Ramza craned his head this way and that, blinking the bits of snow away from his eyelashes as best he could. He hadn't heard Delita at all. He was trying to find the line that edges the white stretch of the next hill: a little rope of dull silver that lay beyond the shore. When he found it—or found what he thought was it—he grabbed Delita and pointed enthusiastically in its direction.
He watched then, and his friend did his utmost to be excited at the sight of that dim shadow of distant water.

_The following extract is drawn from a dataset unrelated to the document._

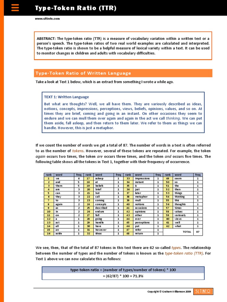 Web A type-token ratio TTR is the total number of UNIQUE words types divided by the total number of words tokens in a given segment of language. Web How to Calculate Type-Token Ratio. It is also important to note that some studies Mizon 1981.

Delita told him with all seeming sincerity that he was flattered he had thought to show it to him.
On the way back—as they felt their bodies sink into the damp, cottony expanse of the growing white—the boys interlinked their arms and leaned against one another as they pushed on.
"It's different, you know," Ramza said. "It's different when there's something you can see."
"You've seen them all before, haven't you?" Delita asked, turning the conversation back to all the Beoulves he'd never seen.
Ramza stopped and cast his gaze up towards the grey white sky above. "I suppose I have," he said. "Maybe—when the war is over—I'll see them again. Maybe it will be like you said."
He laughed a little, and a puff of his breath stood stark in the winter air a moment before it was drowned beneath the snow.
"Maybe once we're all together again—maybe then we won't be able to come apart."